Target gain curves 604 and low-latency filters 606 may be processed in any suitable manner to facilitate training machine learning model 602. For example, a plurality of frequency gain vectors may be derived from target gain curves 604. In addition, a plurality of filter coefficients may be derived from low-latency filters 606.

During training, the training data (e.g., frequency gain vectors and/or the filter coefficients) may be passed through the machine learning model to generate predictions. The machine learning model’s predictions may be compared to actual target values using the loss function. Gradients of the loss function may be computed with respect to each model parameter and backpropagated through the network. The machine learning model may use the gradients computed during backpropagation to update the parameters of the machine learning model. These operations may be repeated any suitable number of times for multiple iterations or epochs. Each iteration or epoch may involve feeding the training data through the machine learning model, calculating the loss, performing backpropagation to compute gradients, and updating parameters accordingly to train the machine learning model.

FIG. 7 shows an additional exemplary diagram 700 depicting signal processing paths that may be implemented in examples where a sound processing program corresponds to a gain model algorithm. As shown in FIG. 7 a trained machine learning model 702 may be trained to determine which filterbank structure to use from a plurality of filterbank structures for a given situation. The cost function of trained machine learning model 702 may be to minimize error between a target gain curve and a filter response. As shown in FIG. 7, inputs to trained machine learning model 702 may include a desired target gain. The outputs for trained machine learning model 702 may include an optimized set of filter parameters (e.g., optimized filter order, optimized filter coefficients, etc.). In the example shown in FIG. 7, the data transferred from trained machine learning model 702 to a gain model algorithm 704 may include impulse response and/or biquad filter coefficients.

As shown in FIG. 7, gain model algorithm may process an audio signal along a first signal processing path 706 and trained machine learning model 702 may process the audio signal along a second signal processing path 708. In certain examples, first signal processing path 708 may have a different latency than second signal processing path 708. For example, first signal processing path 706 may have a latency of ten milliseconds or less and second signal processing path 708 may have a latency of one second or less.

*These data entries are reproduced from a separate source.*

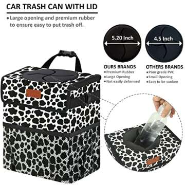 Show moreIntroducing the Vankor Car Trash Can – the ultimate solution to keep your vehicle neat and organized! This exquisite car garbage can is designed with a charming cow print, adding a touch of style while tackling the clutter in your car. Engineered for practicality, it features a large capacity of 2.2 to 3.0 gallons, making it perfect for car rides of any length. Whether you're commuting to work or embarking on a road trip, this adorable yet functional trash bin will ensure your car remains clutter-free, boosting your mood as you drive.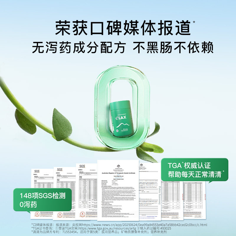 📚 百草园清清片德国进口益生元膳食纤维8h速排解便秘无泻药成人专用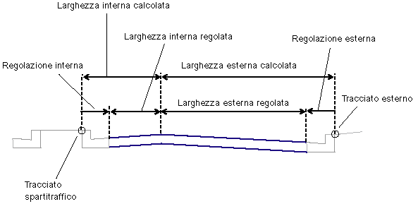 Regolazione interna ed esterna: i parametri Regolazione interna e Regolazione esterna vengono specificati nel caso in cui i tracciati utilizzati per i bordi esterni o interni si trovano ad uno scostamento fisso rispetto al ciglio della corsia corrente. Ad esempio, il tracciato utilizzato per il bordo dello spartitraffico può trovarsi sulla parte esterna del cordolo invece che sul ciglio della pavimentazione. In questo caso il parametro Regolazione interna dovrebbe essere impostato sulla larghezza del cordolo.
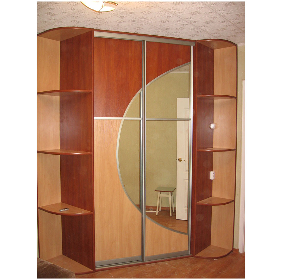 Шкаф-купе с боковыми полками выполнен в теплой цветовой гамме. Зеркальная створка исполнена в оригинальной дугообразной форме, с окаймлением в виде стильных алюминиевых планок. Боковые полочки расположены по обе стороны шкафа, обеспечивая большее пространство под различные сувениры и аксессуары.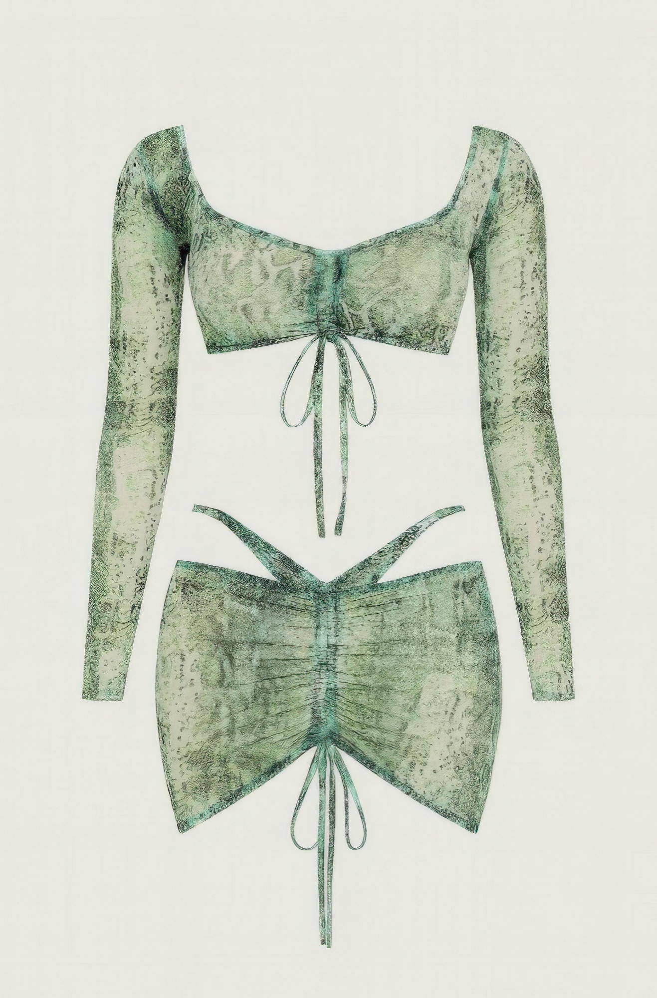 This printed sheer two-piece set is made to make a statement, blending bold design with a light, airy feel. The crop top features long sleeves and a center adjustable drawstring, allowing you to customize the fit and gather for a flattering look. Paired with a matching mini skirt, the set showcases an allover print on sheer fabric for a sultry yet sophisticated vibe. Crafted from a polyester-spandex blend, it offers subtle stretch while maintaining its delicate drape. Perfect for parties, vacations, or any moment that calls for standout style.

In certain examples, system 100 may be configured to optimize one or more parameters for a beamformer program. The beamformer program may correspond to any suitable type of beamformer program. For example, a monaural and/or a binaural beamformer may be used in certain implementations. The performance of a monaural and/or a binaural beamformer depends on the fit on the ear and individual head anatomy. The beamformer performance may go down due to individual anatomical variances and/or if a hearing device is worn differently than manufacture specifications and/or microphone attrition. Accordingly, system 100 may be configured to implement a trained machine learning model dynamically optimize one or more parameters of a beamformer program to account for anatomical differences and/or different wearing positions and/or different microphone attrition of a hearing device.

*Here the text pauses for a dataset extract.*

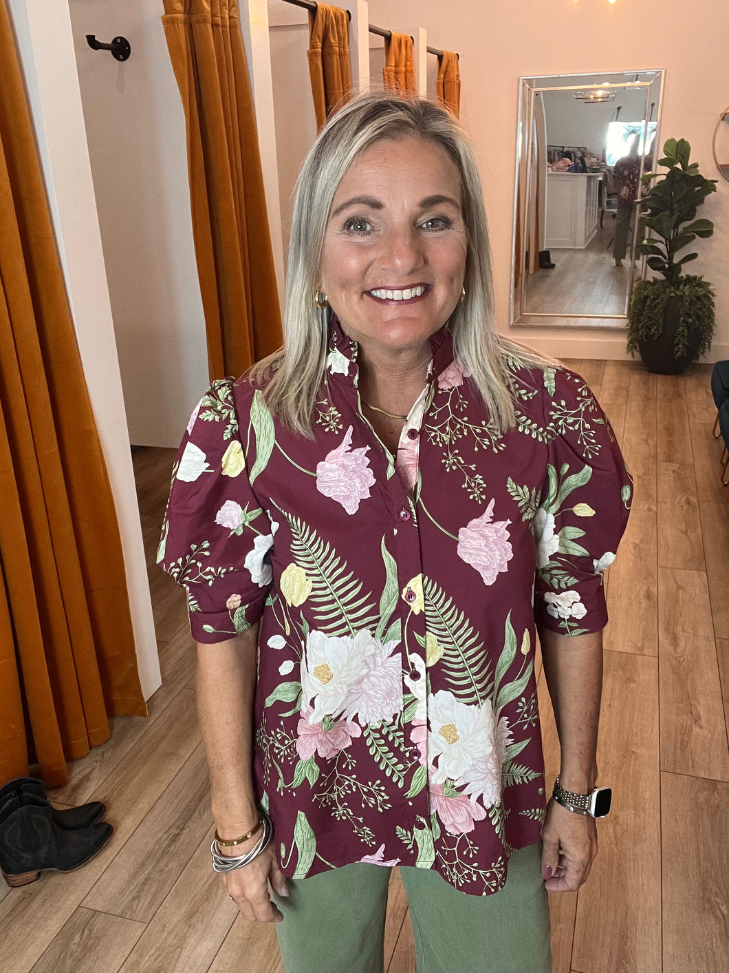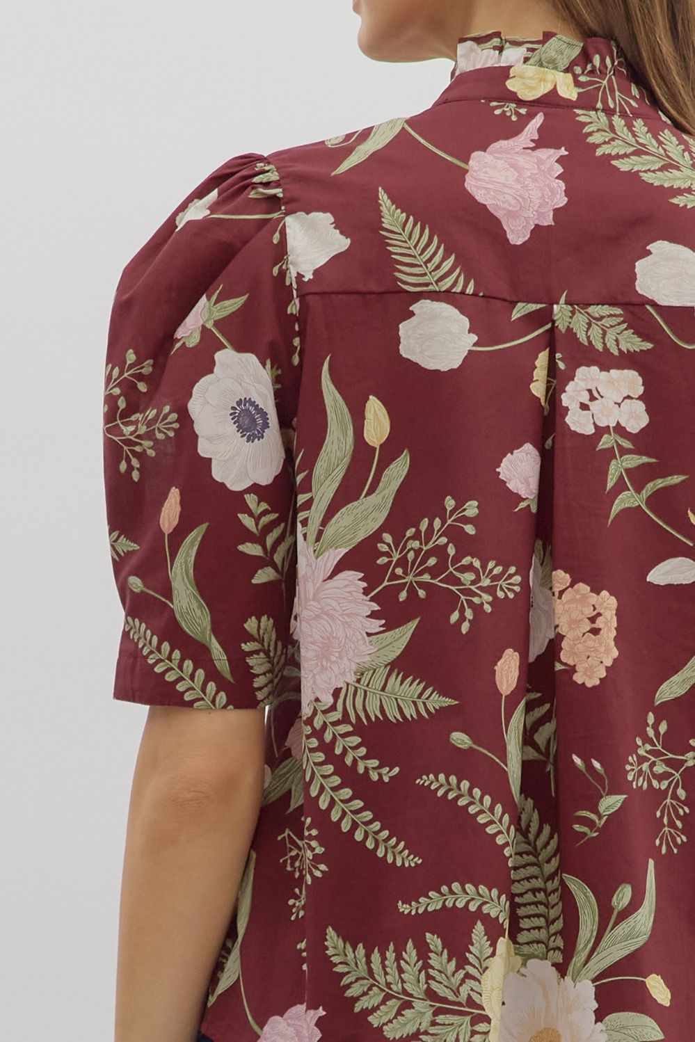 This woven blouse features a delicate floral print, a ruffled neckline, and a button-front closure for a feminine touch. The pleated short puff sleeves add subtle volume, making it a stylish choice for breathable, unlined comfort.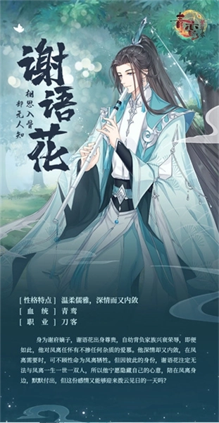角色经历:作为谢府的嫡子,谢语花出身显赫,自小便肩负着家族的兴衰荣辱。尽管如此,他对凤离的爱慕纯粹无瑕。他情深意重却又含蓄内敛,每当凤离有需要,他都能不顾自身安危挺身而出。然而,碍于双方的身份差异,谢语花深知自己无法与凤离相守一生,于是选择将这份心意深埋心底,默默陪伴在凤离左右,不求回报地付出。只是,这份隐忍的感情,是否终有一天能迎来柳暗花明呢?

FIG. 8 shows an exemplary diagram 800 depicting signal processing paths that may be implemented in examples where a sound processing program corresponds to a beamformer program. As shown in FIG. 8 a trained machine learning model 802 may be trained to specify N sets of beamformer weights for a restricted parameter space. The cost function of trained machine learning model 802 may be to optimize for beamformer performance based on a directivity index and/or a frequency-dependent ratio index of front-mic versus beamformer output. As shown in FIG. 8, inputs to trained machine learning model 802 may include motion sensor information (used to infer the orientation of a hearing device on the head of a user), the input audio signal, scene classification information, and/or any other suitable information. The outputs for trained machine learning model 802 may include the optimal beamformer parameters based on the motion sensor information and/or any suitable other information. In the example shown in FIG. 8, the data transferred from trained machine learning model 802 to a beamformer program 804 may include complex-valued vectors, impulse response data (e.g., associated with an FIR engine, and/or biquad filter coefficients (e.g., associated with an IIR engine).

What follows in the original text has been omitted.